Reading and writing
For now, TreeTools only handles the Newick format. Functions are quite basic at this stage.
Reading
To read from a Newick file, use read_tree
. Here is an example with the example/tree_10.nwk
file:
tree = read_tree("../../examples/tree_10.nwk")
_________________ 10
_______________________________________________________|
| | __ 8
| |______________|
| |,_ 9
| ||
_| |, 4
| ||
| | 6
|
| ______________________________ 2
| |
|__________________________________________| , 1
| ___________________|
| | | 5
|_________|
| ,_ 3
|__________________|
|_ 7
The documentation reproduced below gives more information:
TreeTools.read_tree
— Functionread_tree(
nwk_filename::AbstractString;
node_data_type=DEFAULT_NODE_DATATYPE, label=default_tree_label(), force_new_labels=false
)
read_tree(
io::IO;
node_data_type=DEFAULT_NODE_DATATYPE, label=default_tree_label(), force_new_labels=false
)
Read Newick file and create a Tree{node_data_type}
object from it. The input file can contain multiple Newick strings on different lines. The output will then be an array of Tree
objects.
The call node_data_type()
must return a valid instance of a subtype of TreeNodeData
. You can implement your own subtypes, or see ?TreeNodeData
for already implemented ones.
Use force_new_labels=true
to force the renaming of all internal nodes. By default the tree will be assigned a default_tree_label()

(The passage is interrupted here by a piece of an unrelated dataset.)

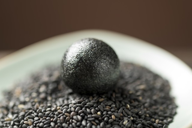 4.将炒好的黑芝麻茯苓粉制成10克傍边球状。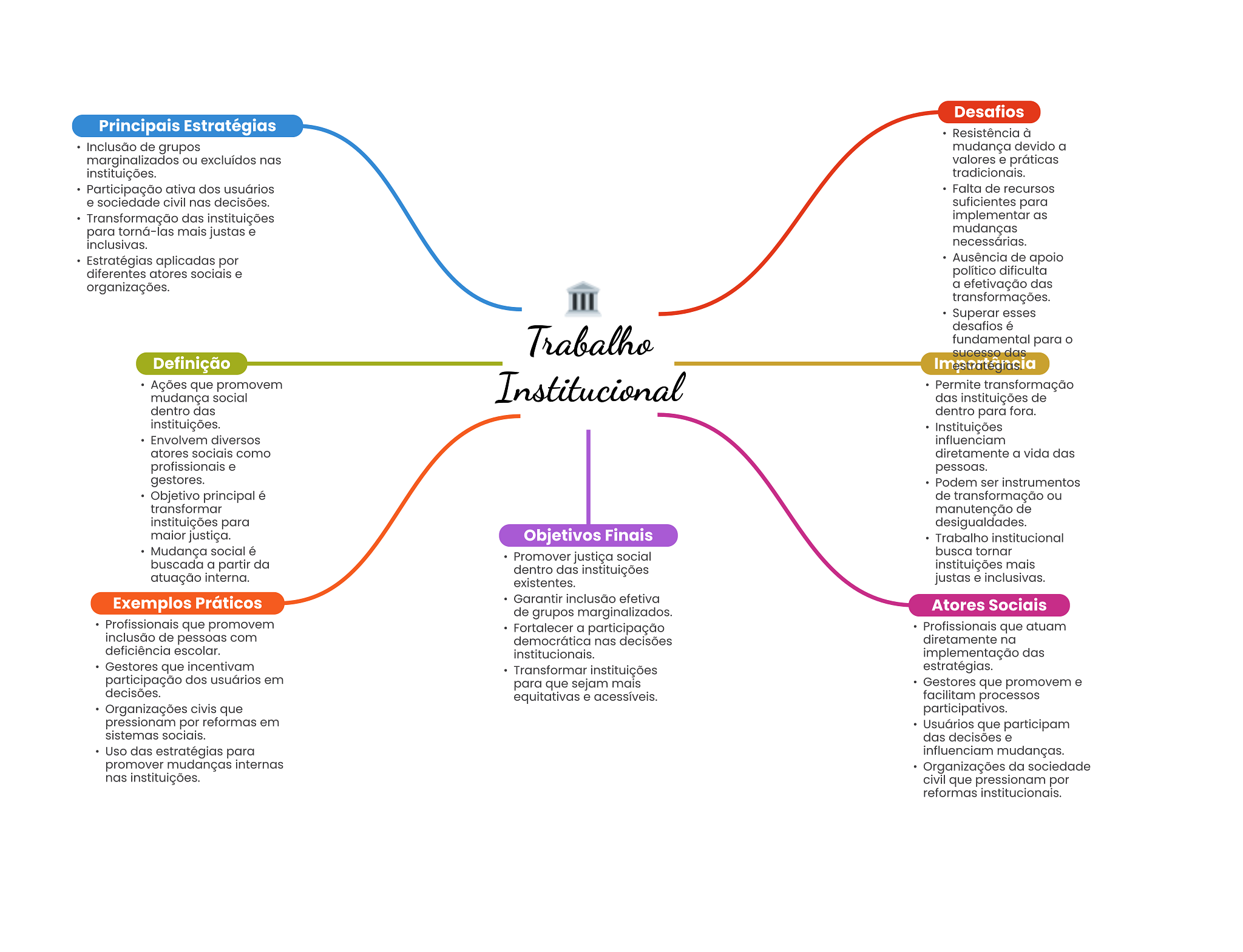 Desafios Principais Estratégias Resistência à Inclusão de grupos mudança devido a marginalizados ou excluídos nas valores e práticas instituições. tradicionais. Participação ativa dos usuários Falta de recursos e sociedade civil nas decisões. suficientes para Transformação das instituições implementar as para torná-las mais justas e mudanças inclusivas. necessárias. Estratégias aplicadas por Ausência de apoio diferentes atores sociais e político dificulta organizações. a efetivação das transformações. Superar esses desafios é Trabalho fundamental para O sucesso das Definição Ações que promovem mudança social Institucional Permite transformação das instituições de dentro das dentro para fora. instituições. Instituições Envolvem diversos influenciam atores sociais como diretamente a vida das profissionais e pessoas. gestores. Podem ser instrumentos Objetivo principal é de transformação ou transformar manutenção de instituições para desigualdades. maior justiça. Objetivos Finais Trabalho institucional Mudança social é Promover justiça social busca tornar buscada a partir da dentro das instituições instituições mais atuação interna. existentes. justas e inclusivas. Exemplos Práticos Garantir inclusão efetiva Atores Sociais de grupos marginalizados. Profissionais que promovem Fortalecer a participação Profissionais que atuam inclusão de pessoas com democrática nas decisões diretamente na deficiência escolar. institucionais. implementação das Gestores que incentivam Transformar instituições estratégias. participação dos usuários em para que sejam mais Gestores que promovem e decisões. equitativas e acessíveis. facilitam processos Organizações civis que participativos. pressionam por reformas em Usuários que participam sistemas sociais. das decisões e Uso das estratégias para influenciam mudanças. promover mudanças internas Organizações da sociedade nas instituições. civil que pressionam por reformas institucionais.

, however the label of the tree can also be assigned with the label
parameter.
If you have a variable containing a Newick string and want to build a tree from it, use parse_newick_string
instead.
Note on labels
The Tree
type identifies nodes by their labels. This means that labels have to be unique. For this reason, the following is done when reading a tree:
- if an internal node does not have a label, a unique one will be created of the form
"NODE_i"
- if a node has a label that was already found before in the tree, a random identifier will be appended to it to make it unique. Note that the identifier is created using
randstring(8)
, unicity is technically not guaranteed. - if
force_new_labels
is used, a unique identifier is appended to node labels - if node labels in the Newick file are identified as confidence/bootstrap values, a random identifier is appended to them, even if they're unique in the tree. See
?TreeTools.isbootstrap
to see which labels are identified as confidence values.
read_tree
will also read files containing several Newick strings, provided they are on separate lines. It then returns an array of Tree
objects.
If you have a variable containing a Newick string, simply call parse_newick_string
to return a tree:
nwk = "(A:3,(B:1,C:1)BC:1);"
tree = parse_newick_string(nwk)
____________________________________________________________________________ A
_|
| __________________________ B
|________________________|
|__________________________ C
If internal nodes of a Newick string do not have names, TreeTools will by default give them names of the form NODE_i
with i::Int
. This happens during parsing of the Newick string, in the parse_newick!
function. This label is technically not guaranteed to be unique: the Newick string may also contain nodes with the same name. In some cases, it is thus necessary to create a unique identifier for a node. This is done by creating a random string obtained with the call Random.randstring(8)
, and happens at a later stage, when calling the node2tree
function (see the section about Tree). This happens when:
- the node label is found to be a bootstrap value (see
?TreeTools.isbootstrap
). - the option
force_new_labels
is used when callingread_tree
. This is useful if some internal nodes of the Newick string have redundant names. - for some reason, the node does not yet have a label.
There are about $2\cdot 10^{14}$ strings of length 8 (alphabetic + numeric characters), so this should be fine for most problems. A quick calculation shows that for a tree of 1000 leaves, the probability of obtaining two equal identifiers for different nodes is $\sim 2 \cdot 10^{-9}$, which is probably acceptable for most applications. If you think it's not enough, I can add a handle to let user create longer strings, or solve this in a more elegant way.
Writing
To write t::Tree
to a Newick file, simply call write(filename, t)
. If you want to append to a file, call write(filename, t, "a")
. Note that write(filename, t)
adds a newline '\n'
character at the end of the Newick string. This is done in case other trees have to be added to the file.